WORK ITEM: Write out again, unchanged, the line that has "A konferencia ötödik" and each following line through the end of the entries below; leave pictures out.

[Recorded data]
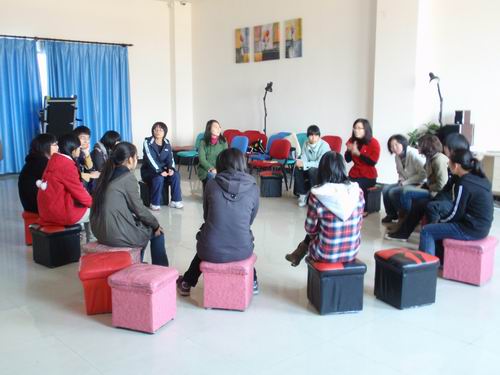 首先,曾老师向参加此次团体辅导的所有成员介绍了活动流程,让同学们对活动有了一个整体了解。接着,在老师的带领下,成员们参与了萍水相逢、打开心门交朋友、我想有个家、解开千千结等环节,体验了叠罗汉、寻访大手印、坐地起身、心有千千结等10个团体辅导小游戏。虽然只有短短的一个半小时,但成员们经历了由陌生到熟悉,由相识到相知的人际交往过程,收获颇多。每一个环节后,成员们都积极发表的感想,曾老师就每一个环节加以讲解,辅导室内气氛热烈、融洽。15:30左右,本次心理团体辅导圆满结束。
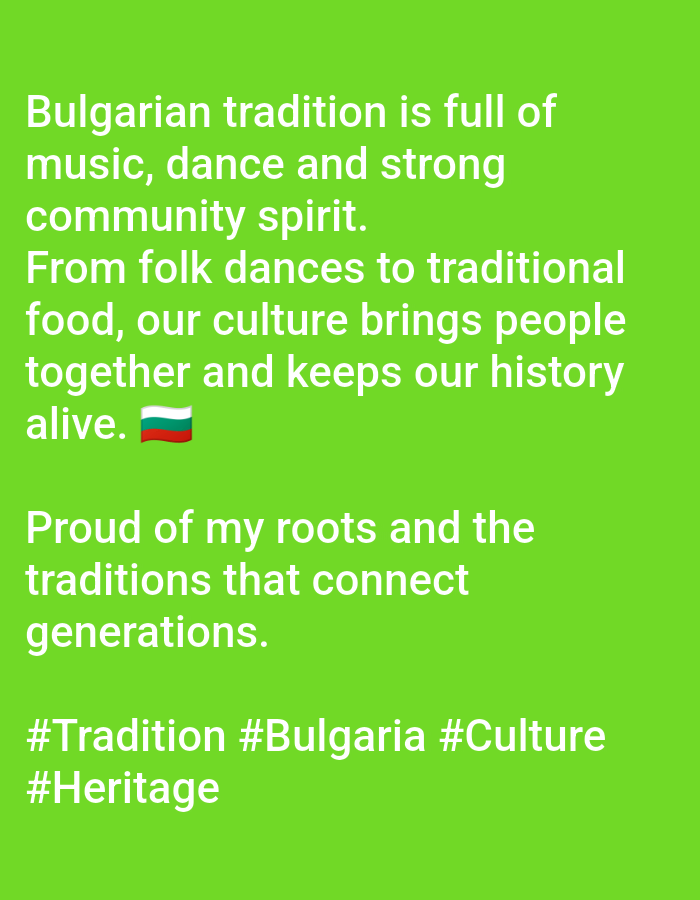 The image displays white sans-serif text on a solid bright green background. The text block begins with "Bulgarian tradition is full of music, dance and strong community spirit. From folk dances to traditional food, our culture brings people together and keeps our history alive." This sentence is followed by a Bulgarian flag emoji. A subsequent paragraph reads, "Proud of my roots and the traditions that connect generations." The final line contains hashtags: "#Tradition #Bulgaria #Culture #Heritage". There are no discernible people, specific objects (beyond the text and emoji), actions, interactions, or a visible physical environment or location within Kazanlak, Bulgaria, depicted in this image.
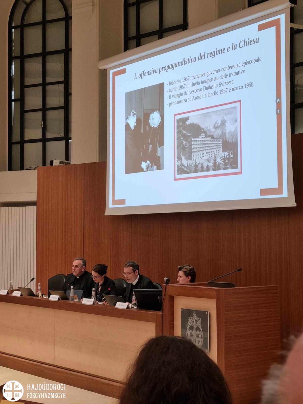 A konferencia ötödik szekciójában hangzott el Véghseő Tamás egyetemi tanár olasz nyelvű előadása. Az MTA-SZAGKHF Görögkatolikus Örökség Kutatócsoport vezető kutatója a magyar görögkatolikusok második világháború utáni történetén és Dudás Miklós hajdúdorogi megyéspüspök svájci gyógykezelésén (1957-1958) keresztül azt mutatta be, hogy az “ellenséges nyugat” és a “baráti Szovjetunió” egymásnak feszülése még a “béketábor” egy kicsiny közösségének, a magyar görögkatolikus egyháznak a sorsát is befolyásolta. 1949-1952 között a magyar görögkatolikus egyház felszámolásának kérdése - hasonlóan a szovjet érdekszférába került szomszédos görögkatolikus egyházakhoz - azért volt napirenden, mert a pápa személyében az egyház legfőbb vezetője az “ellenséges nyugaton” tartózkodott. Gyakorlati megfontolásból 1952 decemberében Moszkva elvetette a magyar görögkatolikus egyház felszámolásának lehetőségét. A “baráti Szovjetunióból” az a javaslat érkezett Budapestre, hogy a görögkatolikus egyháziakat a “békeharc” területén próbálják meg felhasználni, illetve fordítsák előnyükre azt az adottságot, hogy a magyar görögkatolikus egyház lényegében egyfajta “alagút”, melyen keresztül a Vatikán a keleti blokk országainak katolikusaival kapcsolatot tarthat. Amikor az 1956-os forradalom leverését követően az ENSZ napirendre vette a “magyar kérdést”, a nemzetközi legitimációért küzdő Kádár-rezsim propaganda-célokra még Dudás Miklós püspök súlyos tüdőbetegségét is megpróbálta felhasználni. A szentszéki diplomácia azonban felismerte a magyar kormány szándékait és megakadályozta, hogy a kádári propaganda elérje célját.
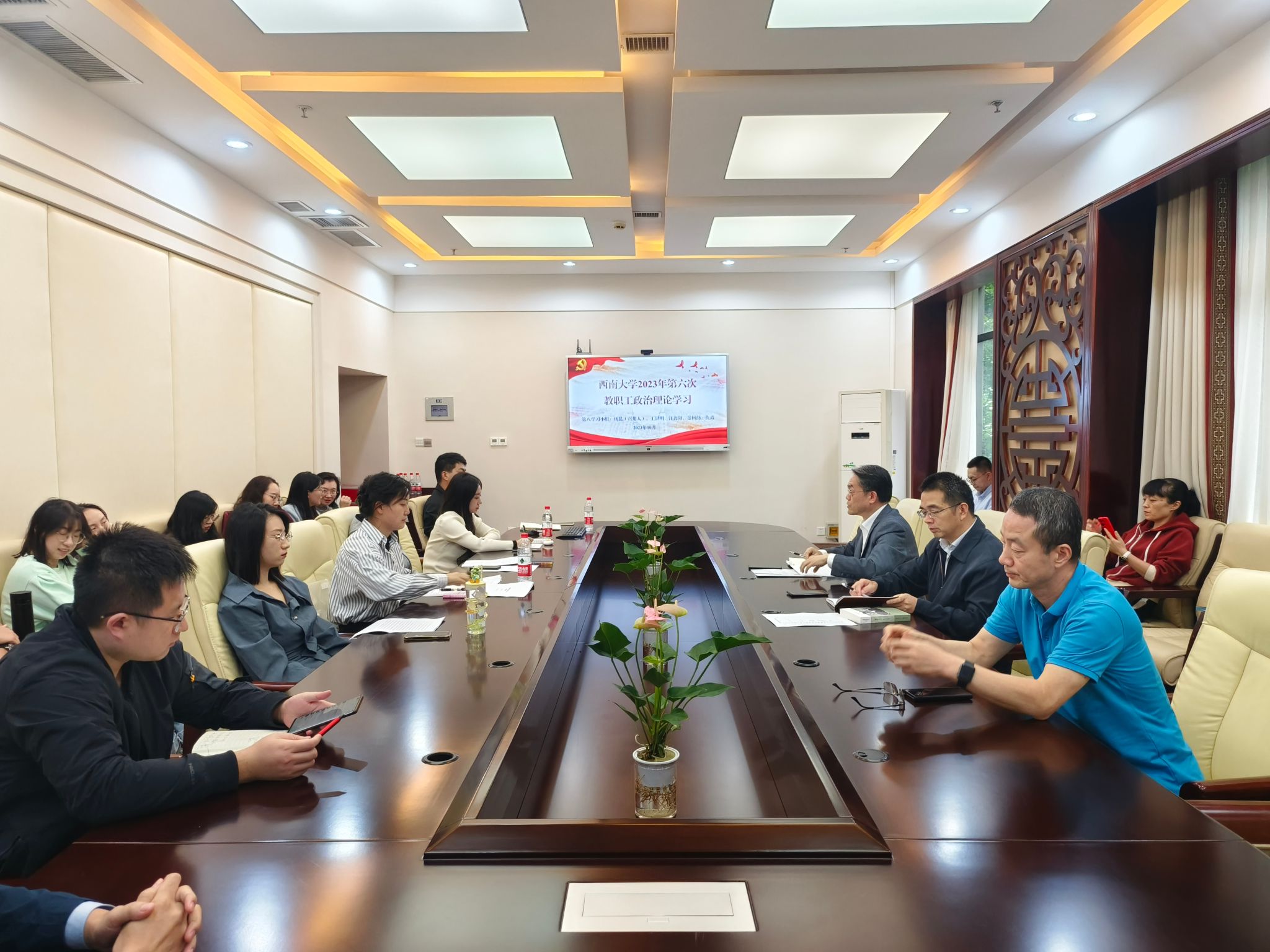 杨昆、汪鑫阳、王湛明、景柯沥同志分模块导学学习习近平总书记关于意识形态工作的重要论述;仇淼同志导学习近平总书记教师节重要指示精神;杨昆同志组织观看“西大教师故事”视频。
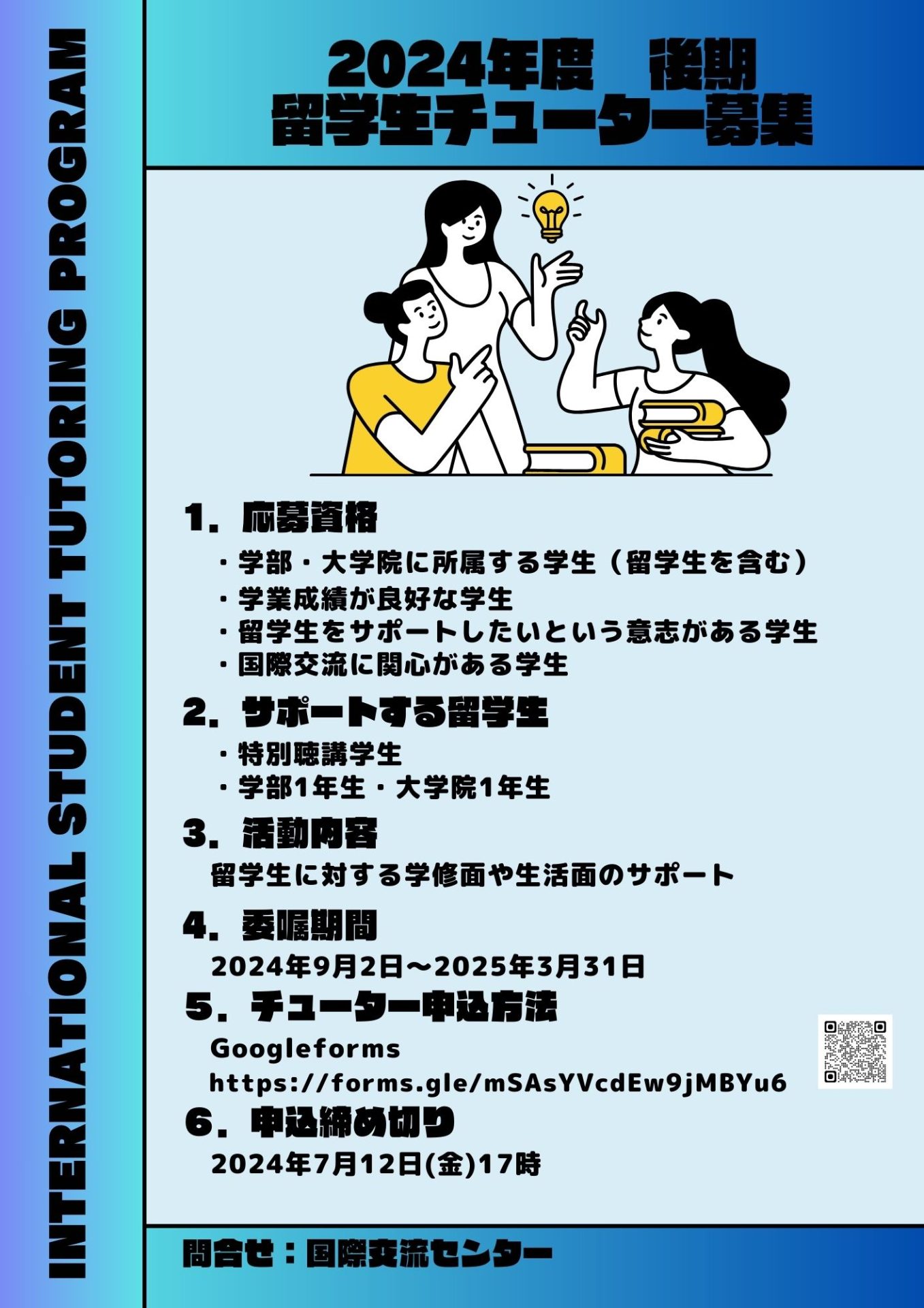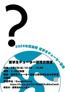 2024年度後期留學生指導員說明會參加申請在這裡(截止7月1日)

COMPLETED EXERCISE:
 A konferencia ötödik szekciójában hangzott el Véghseő Tamás egyetemi tanár olasz nyelvű előadása. Az MTA-SZAGKHF Görögkatolikus Örökség Kutatócsoport vezető kutatója a magyar görögkatolikusok második világháború utáni történetén és Dudás Miklós hajdúdorogi megyéspüspök svájci gyógykezelésén (1957-1958) keresztül azt mutatta be, hogy az “ellenséges nyugat” és a “baráti Szovjetunió” egymásnak feszülése még a “béketábor” egy kicsiny közösségének, a magyar görögkatolikus egyháznak a sorsát is befolyásolta. 1949-1952 között a magyar görögkatolikus egyház felszámolásának kérdése - hasonlóan a szovjet érdekszférába került szomszédos görögkatolikus egyházakhoz - azért volt napirenden, mert a pápa személyében az egyház legfőbb vezetője az “ellenséges nyugaton” tartózkodott. Gyakorlati megfontolásból 1952 decemberében Moszkva elvetette a magyar görögkatolikus egyház felszámolásának lehetőségét. A “baráti Szovjetunióból” az a javaslat érkezett Budapestre, hogy a görögkatolikus egyháziakat a “békeharc” területén próbálják meg felhasználni, illetve fordítsák előnyükre azt az adottságot, hogy a magyar görögkatolikus egyház lényegében egyfajta “alagút”, melyen keresztül a Vatikán a keleti blokk országainak katolikusaival kapcsolatot tarthat. Amikor az 1956-os forradalom leverését követően az ENSZ napirendre vette a “magyar kérdést”, a nemzetközi legitimációért küzdő Kádár-rezsim propaganda-célokra még Dudás Miklós püspök súlyos tüdőbetegségét is megpróbálta felhasználni. A szentszéki diplomácia azonban felismerte a magyar kormány szándékait és megakadályozta, hogy a kádári propaganda elérje célját.
 杨昆、汪鑫阳、王湛明、景柯沥同志分模块导学学习习近平总书记关于意识形态工作的重要论述;仇淼同志导学习近平总书记教师节重要指示精神;杨昆同志组织观看“西大教师故事”视频。
 2024年度後期留學生指導員說明會參加申請在這裡(截止7月1日)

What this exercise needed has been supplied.